My puppy trainer said to use ALUM spice to keep my dog from eating my baby trees and plants in the back yard. My question is; who has used this method? How do you apply the powered spice? Has it worked, if not what method has worked for you?

Thanks

Maddies Mom


----------



## RawFedDogs (Jun 22, 2008)

I have never used alum on plants but I've used it on door jams, doors, wall molding, table and chair legs, etc. Get a small amount of it, say a tablespoon. Mix a couple of drops of water with it to make a paste. Spread the paste on the area your dog has been chewing. The dog will chew it one time and never again. I usually leave it on a few weeks just to make sure then wash it off.

It makes an ugly dry crumbly crust when dry but you don't leave it on but a few weeks, so you don't have to look at it forever.


----------



## flipgirl (Oct 5, 2007)

You can also try clove oil.


----------



## MaddieGirl (Oct 26, 2008)

RawFedDogs said:


> I have never used alum on plants but I've used it on door jams, doors, wall molding, table and chair legs, etc. Get a small amount of it, say a tablespoon. Mix a couple of drops of water with it to make a paste. Spread the paste on the area your dog has been chewing. The dog will chew it one time and never again. I usually leave it on a few weeks just to make sure then wash it off.
> 
> It makes an ugly dry crumbly crust when dry but you don't leave it on but a few weeks, so you don't have to look at it forever.


Thank you so much RawFedDogs...your suggestions worked! Have you found any damage on the wood if you leave it on too long? Looks funny with the white stuff on the furniture, but it looks much better than all the chew marks! I appreciate your reply.
Maddies Mom


----------



## RawFedDogs (Jun 22, 2008)

MaddieGirl said:


> Thank you so much RawFedDogs...your suggestions worked!


Of course it did. I told you it would. 



> Have you found any damage on the wood if you leave it on too long?


No



> Looks funny with the white stuff on the furniture, but it looks much better than all the chew marks!
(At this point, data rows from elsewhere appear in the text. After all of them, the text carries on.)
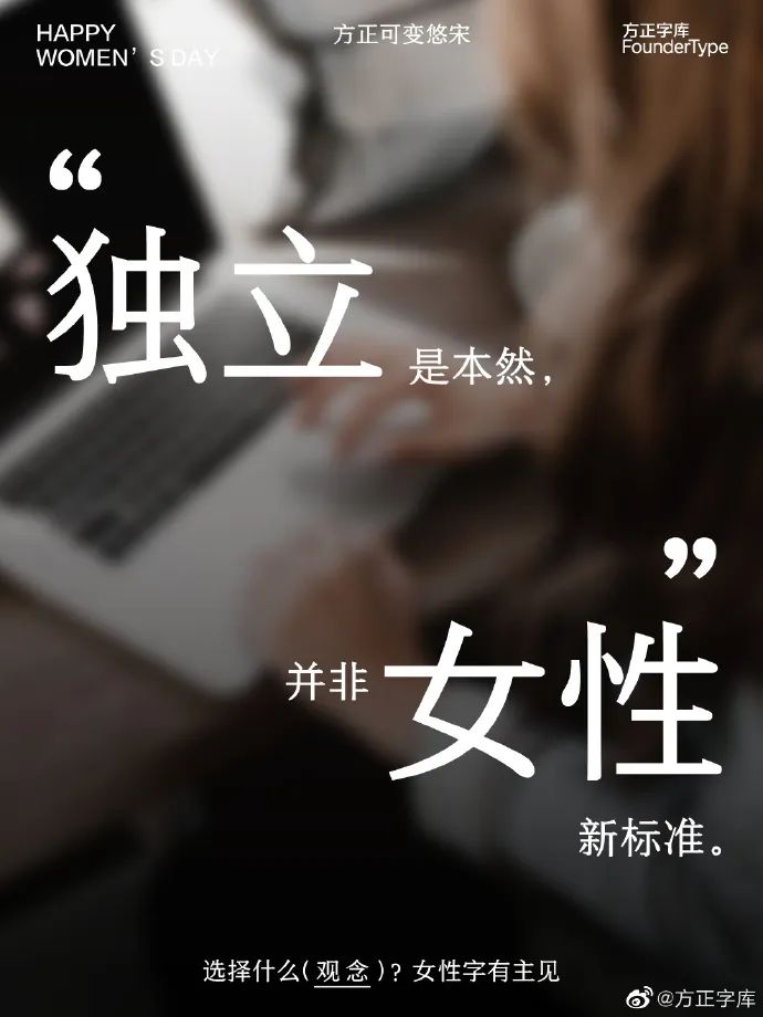 设计什么字体,设计师自己说了算;选择什么人生,女性自己说了算。无需定义,字有主见。方正字库精选4款字体,拒绝性别化标签,为女性发声。
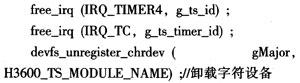 设计中通过调用s3c2440_ts_cleanup_module0来实现中断的释放和设备的卸载,分别将它们释放在初始化过程中,其申请的IRQ_TIMER4、IRQ_ADC_DONE、IRQ_TC的中断和字符设备的接口函数devfs_register_chrdev ()具体如下: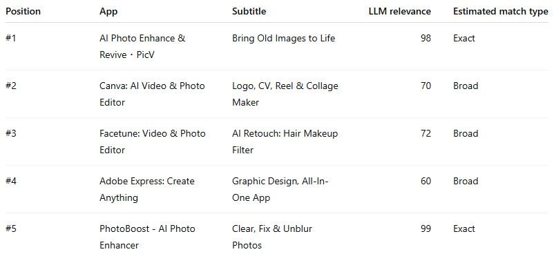 This stack is fascinating because the #5 app is actually the highest-scoring semantic match in the whole set. If you are the manager of PhotoBoost, this is not a metadata problem. It is a commercial problem.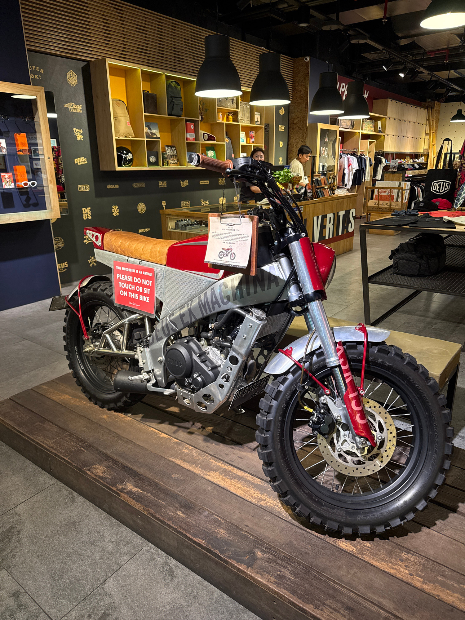 The image shows a custom Yamaha XSR 155 motorcycle displayed at the Deus Ex Machina store, presumably in Kuta, Indonesia. The motorcycle is elevated on a wooden platform within the store. It features…read more

Yeah, it looks pretty crappy but it's only temporary whereas tooth marks are pretty perminent.


----------



## MaddieGirl (Oct 26, 2008)

Thanks!!


----------



## J Sanseverino (Mar 19, 2021)

Anyone tried it on a surgical wound? 4cm long, closed with sutures - she is working around her cone, a neck brace, me with her while i work - agh


----------



## DaySleepers (Apr 9, 2011)

This thread is over twelve years old and the members posting here are no longer active, so I'm closing the thread to further replies. I'd strongly advise against putting anything on a wound that isn't specifically made and marketed for use on dogs' surgical incisions without consulting your vet, but if you have further questions you can start your own, new thread.


----------